** Work order **
Copy out the records in full, word for word, without pictures.

** Input **
--- START ---
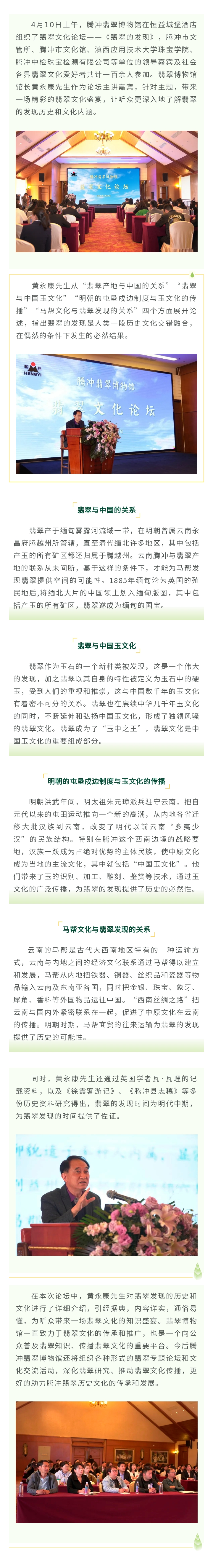 騰沖翡翠博物館舉辦《翡翠的發(fā)現(xiàn)》 專題文化論壇 來源: 瀏覽量:3968 日期:2024-04-10 分享到: 上一篇:云南保山恒益實(shí)業(yè)集團(tuán)有限公司與云南保山產(chǎn)業(yè)園區(qū)管理委員會(huì)簽訂戰(zhàn)略合作協(xié)議 下一篇:恒益杯“綠美春城·昆明統(tǒng)戰(zhàn)行”“綠美春城農(nóng)工行”定向活動(dòng)在昆明順利舉行
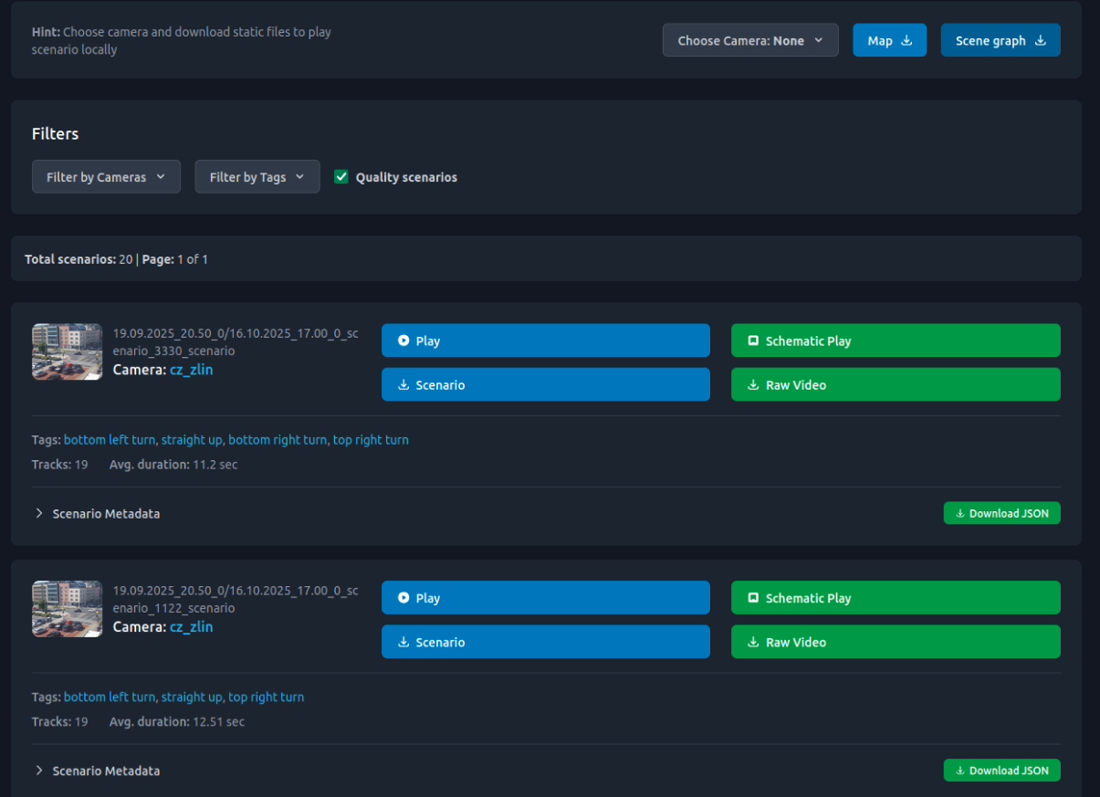 Filter by cameras, tracks number, scenario length, maneuver features.
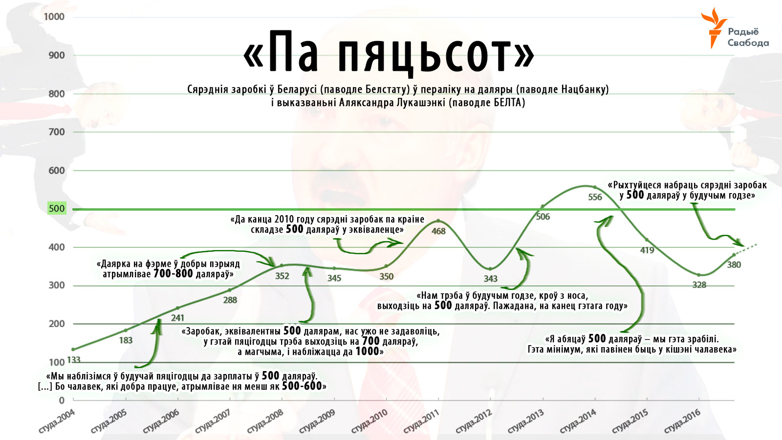 Аляксандар Лукашэнка ў час рабочай паездкі ў Магілёўскую вобласьць даручыў у 2017 годзе вярнуць сярэдні заробак на ўзровень 500 даляраў. На момант выказваньня сярэдні заробак у Беларусі складаў каля 386 даляраў.
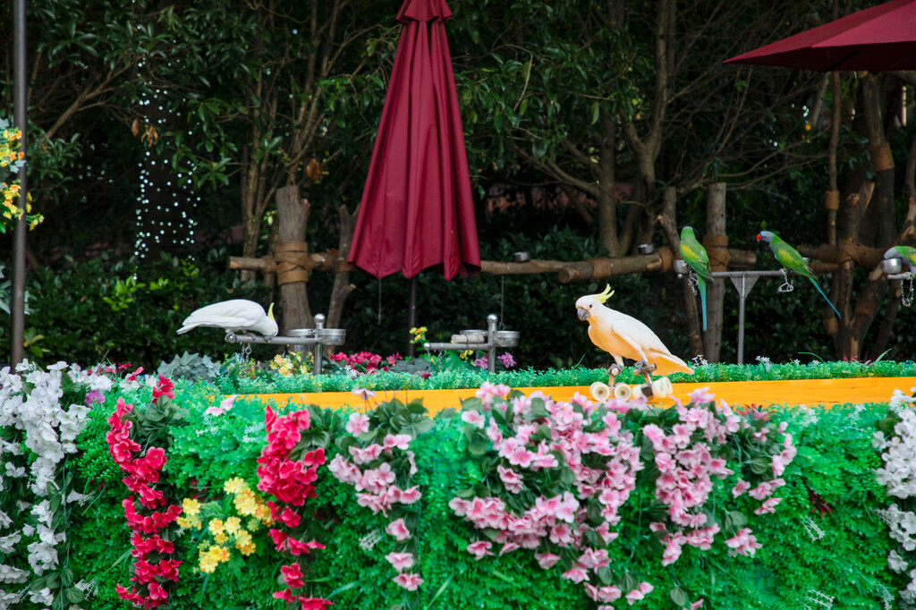 移步一楼室外的鸟秀剧院,这里与精彩的《森林神鸟》,一群可爱的鹦鹉在饲养员的指令下可以做出各种引人发笑的小节目,据说这些鹦鹉的智商和四五岁小孩一般。
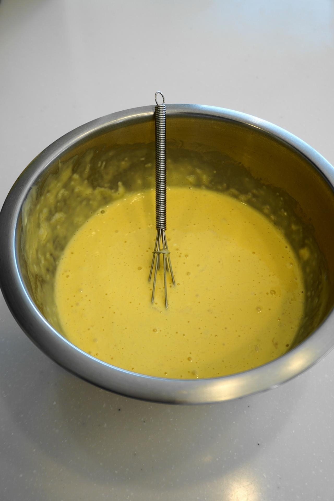 ボウルに★・2)の長いもを入れ~泡立て器で粉っぽさが無くなるまで混ぜ合わせ~卵を割り入れて混ぜ合わせる。
--- END ---
** Solution for this task **
 騰沖翡翠博物館舉辦《翡翠的發(fā)現(xiàn)》 專題文化論壇 來源: 瀏覽量:3968 日期:2024-04-10 分享到: 上一篇:云南保山恒益實(shí)業(yè)集團(tuán)有限公司與云南保山產(chǎn)業(yè)園區(qū)管理委員會(huì)簽訂戰(zhàn)略合作協(xié)議 下一篇:恒益杯“綠美春城·昆明統(tǒng)戰(zhàn)行”“綠美春城農(nóng)工行”定向活動(dòng)在昆明順利舉行
 Filter by cameras, tracks number, scenario length, maneuver features.
 Аляксандар Лукашэнка ў час рабочай паездкі ў Магілёўскую вобласьць даручыў у 2017 годзе вярнуць сярэдні заробак на ўзровень 500 даляраў. На момант выказваньня сярэдні заробак у Беларусі складаў каля 386 даляраў.
 移步一楼室外的鸟秀剧院,这里与精彩的《森林神鸟》,一群可爱的鹦鹉在饲养员的指令下可以做出各种引人发笑的小节目,据说这些鹦鹉的智商和四五岁小孩一般。
 ボウルに★・2)の長いもを入れ~泡立て器で粉っぽさが無くなるまで混ぜ合わせ~卵を割り入れて混ぜ合わせる。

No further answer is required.